I have ~80 000 urls and I'd like to get response statuse codes for them. Note, that I'd like to get it as fast as possible. I've tried HEAD
and GET
requests using requests
python battery, but it's too slow for my goal. According to my calculations it shall take > 10 hours. It's sad.
Another approach I've found is using tornado
. I've tested it (please, take a look at the code) on 500 urls. It made his work fast, but (!) a huge amount of response codes are 599. It's strange, then I've checked urls which map to 599 code through a browser (simple GET
request) and made sure that url is pretty fine. How to solve this problem?

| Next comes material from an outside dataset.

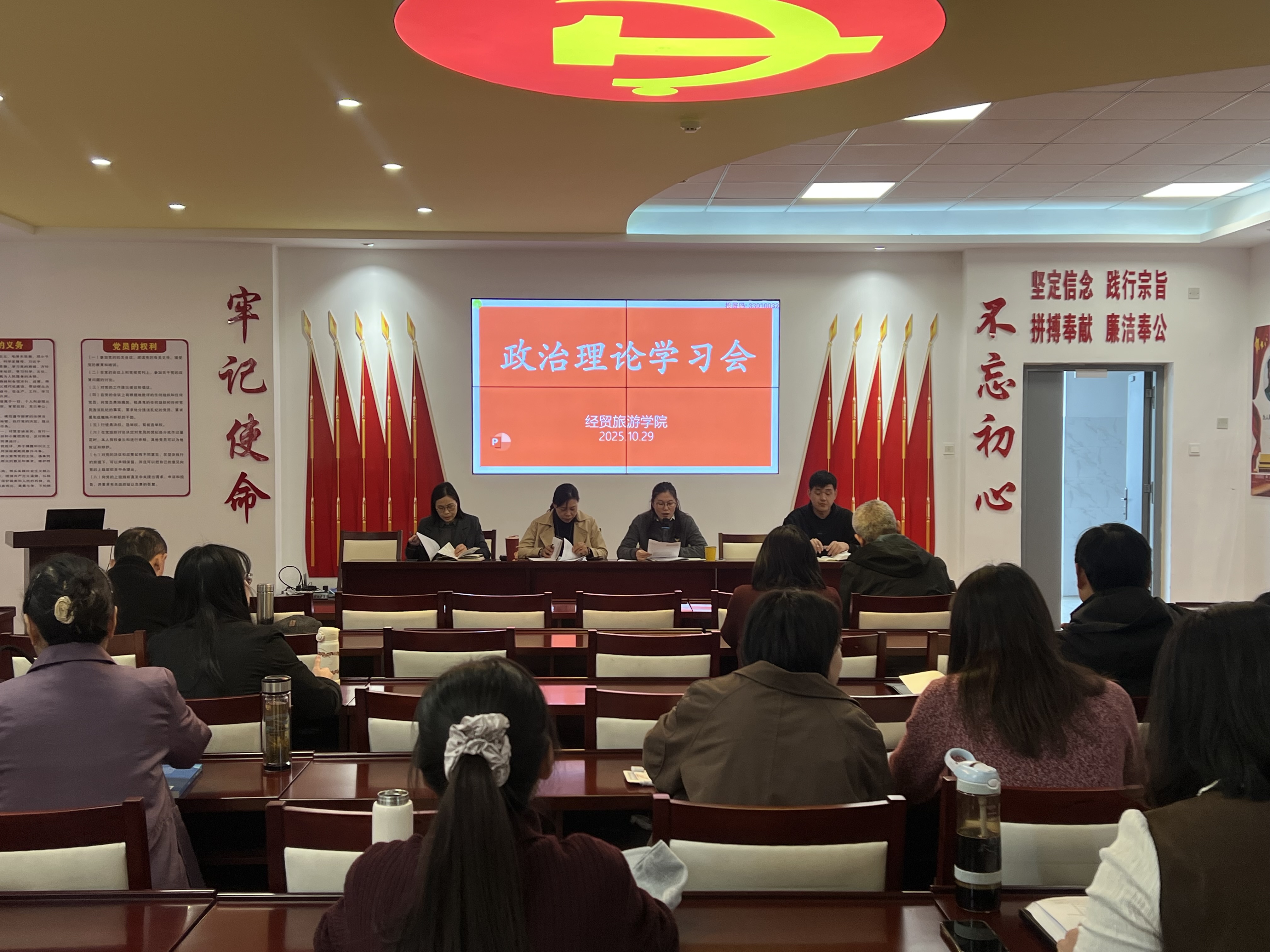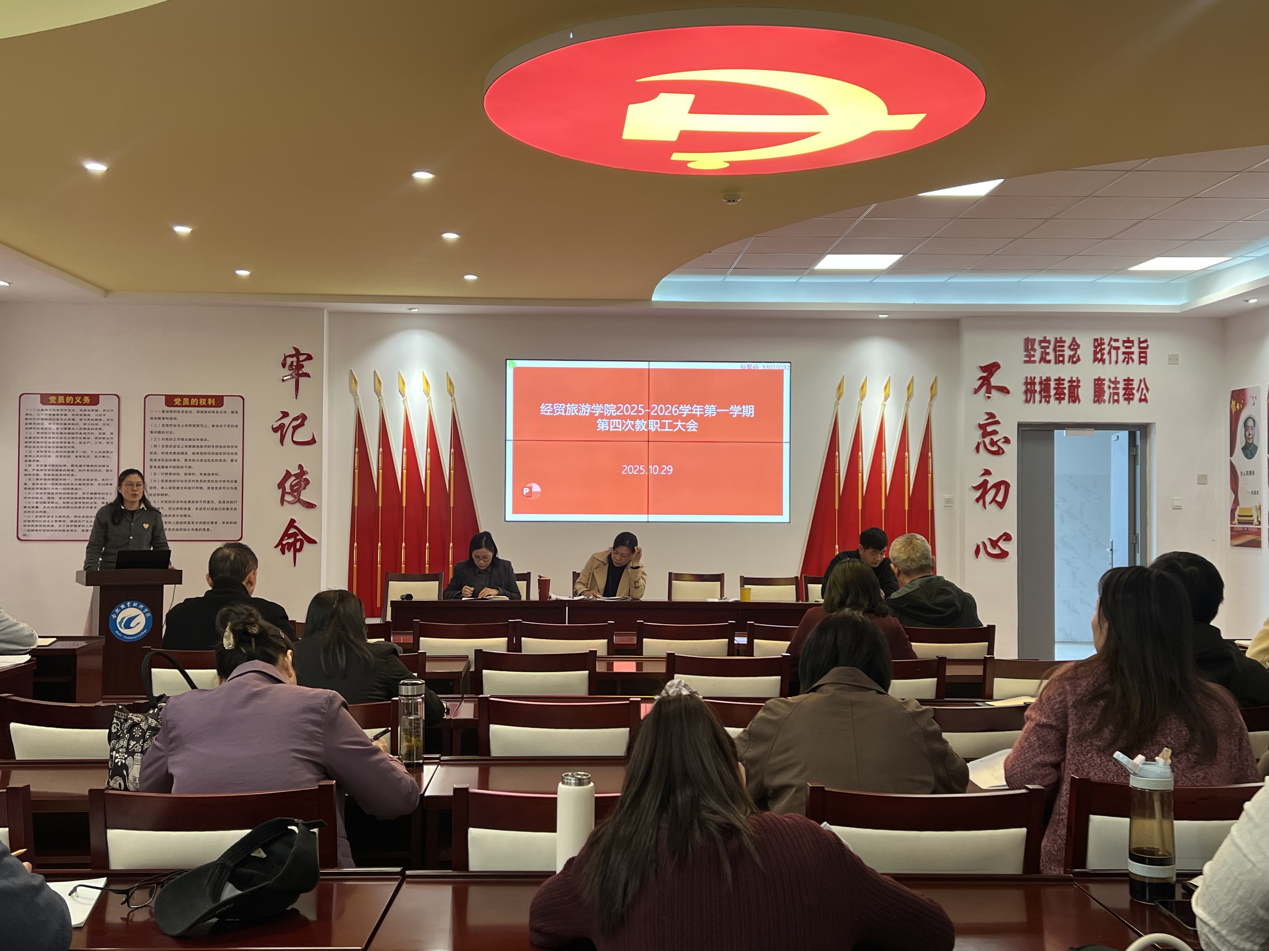 10月29日下午,世界杯体育官方网站在党性体验馆召开政治理论学习会暨新学期第四次教职工大会。全体教职工参加会议,会议由副院长付晓兰主持。

from urlparse import urlparse
from threading import Thread
import httplib, sys
from Queue import Queue
from tornado import ioloop, httpclient, gen
import tornado
from time import sleep
i = 0
good = 0
def handle_request(response):
global good
if response.code != 200:
print response.code, response.reason, response.request.url
else:
good += 1
print 'KKKKKKKKKKK: ', good, '[%s]' % response.request.url
global i
i -= 1
if i == 0 or i < 0:
ioloop.IOLoop.instance().stop()
http_client = httpclient.AsyncHTTPClient()
lis = []
for url in open('urls'):
lis.append(url.strip())
specific_domain = '...'
for l in lis[:500]:
i += 1
method = 'GET' if specific_domain in l else 'HEAD'
req = tornado.httpclient.HTTPRequest(l, method=method, request_timeout=30.0)
http_client.fetch(req, handle_request)
ioloop.IOLoop.instance().start()